A PROCEDURAL MATTER — CLARIFICATION OF CURRENT PARTIES

  1. To reduce the risk of confusion it is necessary to say something about how it is that the filed ASOC records on its face that the first plaintiff is Mr Chiavaroli, as assignee of Pentridge Village, in circumstances where he was not originally named as a plaintiff and no order has been made substituting him as the first plaintiff in place of Pentridge Village. 

  1. The ASOC was filed on 27 October 2017 and records that it was amended pursuant to r 36.04(1)(a) of the Rules.  That rule permits a party to amend their pleadings once without leave provided pleadings have not closed.  When amending the statement of claim the plaintiffs named Mr Chiavaroli on the document as the first plaintiff (as assignee of the rights, title and interest in the proceeding of Pentridge Village) in place of Pentridge Village, and filed the document in that form. 

  1. The ASOC therefore impermissibly states on its face that Mr Chiavaroli is the first plaintiff.  The issue was raised with the parties, and the plaintiffs and Capital Finance each confirmed what had occurred, that no substitution order had been made, and that Pentridge Village remains the first plaintiff, not Mr Chiavaroli.[2] 

    [2]Accordingly, references in these reasons to the plaintiffs are references to Pentridge Village and West Homes.

  1. This aspect will need to be addressed and regularised.

EVIDENCE, BACKGROUND AND SUBMISSIONS

  1. The plaintiffs and Mr Chiavaroli relied upon the affidavits of Mr Chiavaroli sworn 22 July and 7 August 2018[3] and the affidavits of the plaintiffs’ solicitor, Mr Bear, affirmed 7 and 8 May 2018.  They also relied upon eight written submissions.[4]

    [3]Including several volumes of exhibits, although only a limited number of documents were relied on.  See, for example, Transcript of Proceedings, Pentridge Village Pty Ltd (in liq) v Capital Finance Australia Ltd (Supreme Court of Victoria, S CI 2016 02546, Connock J, 10 August 2018) 62.

    [4]Dated 10 May, 23 July, 3 August, 24 August, 29 August, 4 September (two submissions) and 5 September 2018.

  1. Capital Finance relied upon a short affidavit of its solicitor, Ms Whiting, sworn 3 August 2018 (Whiting Affidavit), an email dated 15 June 2018 from the Liquidator (Cussen Email), and six written submissions.[5]  A small number of additional documents were admitted into evidence without objection.[6]  No witnesses were sought to be cross-examined and the parties’ written submissions were supplemented by extensive oral submissions on 10 August and 5 September 2018.

    [5]Dated 16 May, 23 July, 3 August, 24 August, 31 August and 3 September 2018.

    [6]Comprising an ASIC current and historical extract for Daimleigh Pty Ltd (Exhibit 1), a presentation of accounts and statement of Pentridge Village Pty Ltd (ASIC Form 524) (Exhibit 2), an email from Mr Glen Cussen to Mr Howard Bear dated 15 June 2018 at 10:49am (Exhibit 3), and an ASIC historical company extract for Daimleigh Capital Pty Ltd (Exhibit A).

  1. Given the conclusions that I have reached and the operation of r 23.04(2) of the Rules[7] most of the evidence is not relevantly germane to the Substitution Application or the Strike Out Application.

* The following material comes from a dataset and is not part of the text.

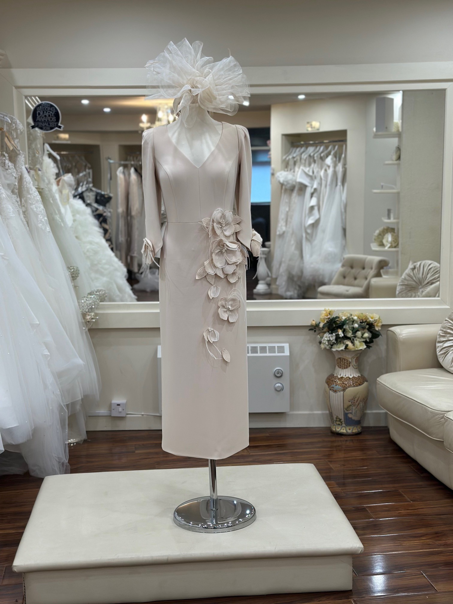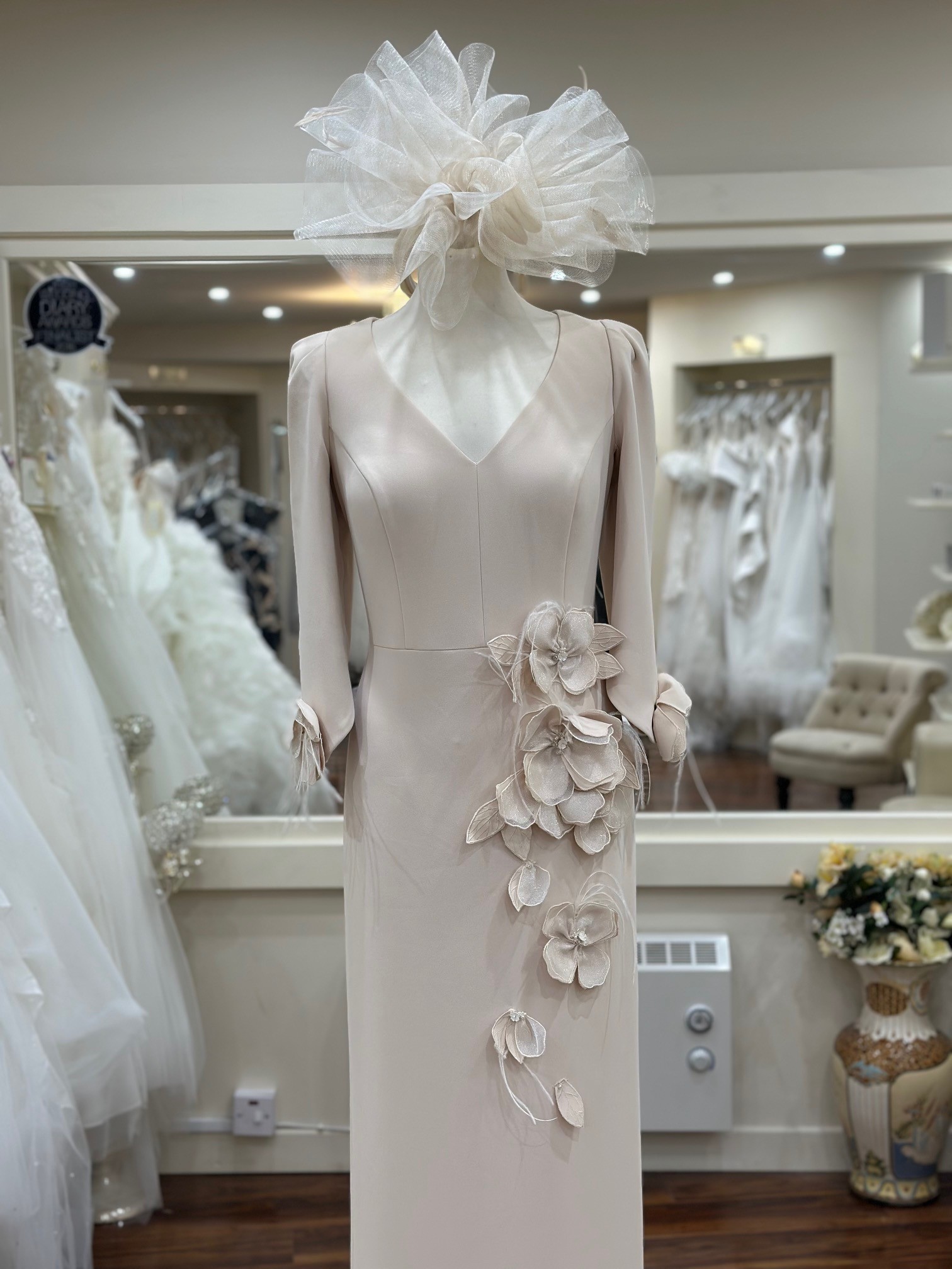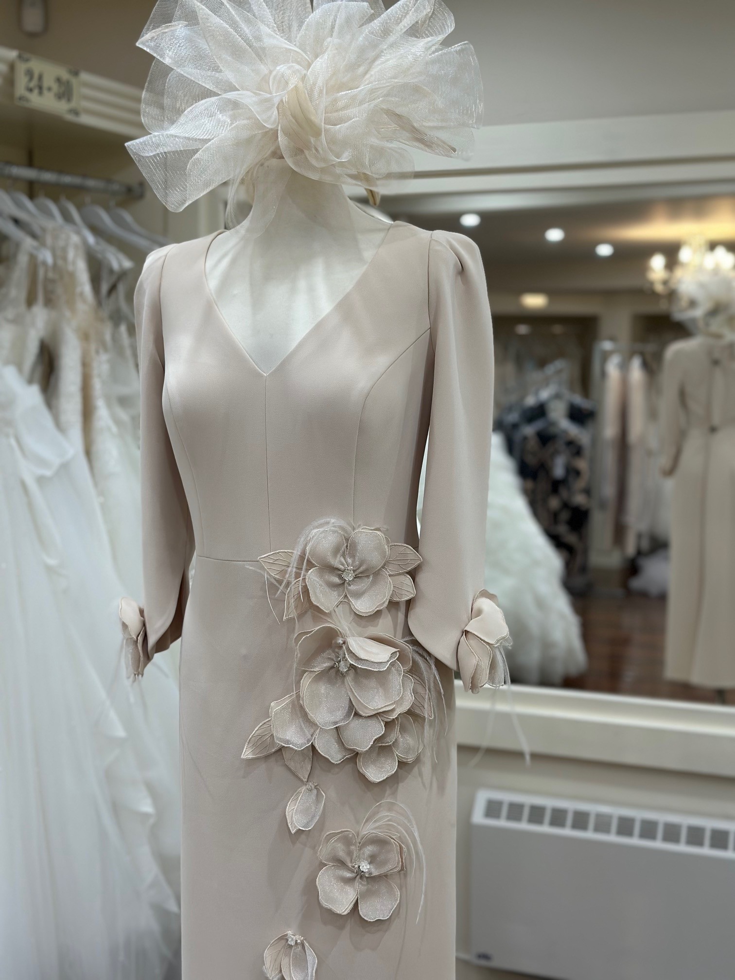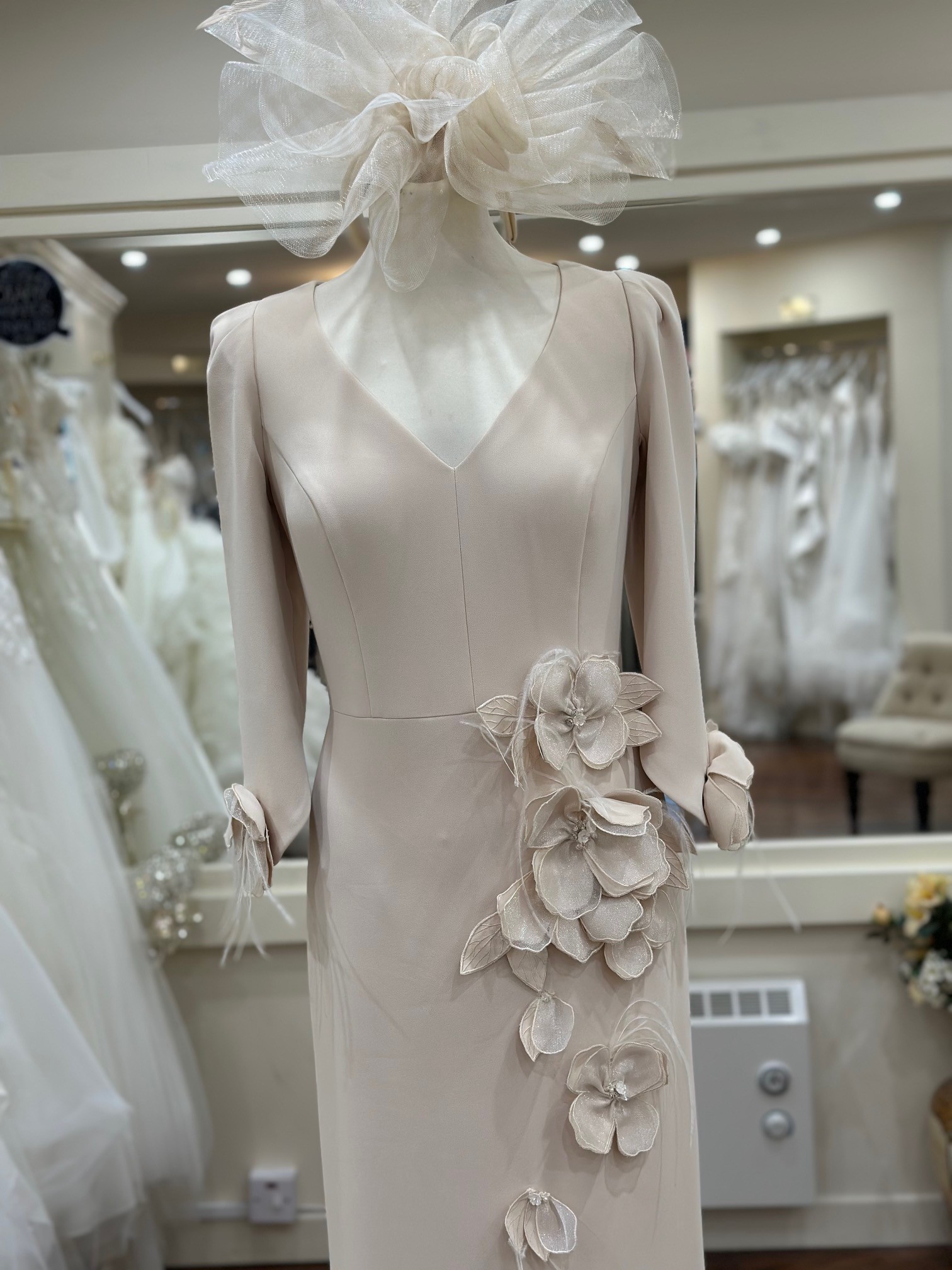 An elegant midi dress in luxurious champagne crepe by Couture Club. This stunning design features a flattering V-neckline and exquisite floral detailing on the sleeve, with soft flowers cascading gracefully down one side of the dress. A sophisticated choice for any special occasion.

However, the need to have regard to a range of factual circumstances in connection with the Section 237 Application made in the alternative means it is desirable to set out parts of the evidentiary background from the affidavits in some detail.[8]  Because of the order in which the applications are dealt with below, it is convenient to set this background out in a schedule appearing at the end, but forming part, of these reasons (Background Schedule).

    [7]That rule provides that no evidence shall be admissible on the question of whether an indorsement of claim or pleading offends against r 23.02 of the Rules, although regard can be had to documents referred to in a pleading.  See, for example, Wheelahan v City of Casey (No 12) [2013] VSC 316 [25(n)] (Dixon J) and Annesley v Westpac Banking Corp [2016] VSC 323 [71(e)] (Derham AsJ), each citing Day v William Hill (Park Lane) Ltd [1949] 1 KB 632 (Bucknill and Singleton LJJ).

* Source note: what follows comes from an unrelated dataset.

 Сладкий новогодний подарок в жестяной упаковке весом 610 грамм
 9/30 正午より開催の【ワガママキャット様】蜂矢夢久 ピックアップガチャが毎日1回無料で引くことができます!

    [8]The only affidavit evidence currently before the court regarding the background to the Proceeding was that contained in the affidavits of Mr Chiavaroli and Mr Bear, to which there was no objection.

THE APPLICATIONS — ORDER OF APPROACH

  1. The plaintiffs’ and Mr Chiavaroli’s primary position is that Pentridge Village’s causes of action have been assigned to Mr Chiavaroli. Consequently there is a direct overlap between matters raised in the Substitution Application and the Strike Out Application. Although materially affected by the assignment question, the Section 237 Application is made in the alternative to the Substitution Application and it is appropriate and convenient to address the Substitution Application and the Strike Out Application before turning to the Section 237 Application.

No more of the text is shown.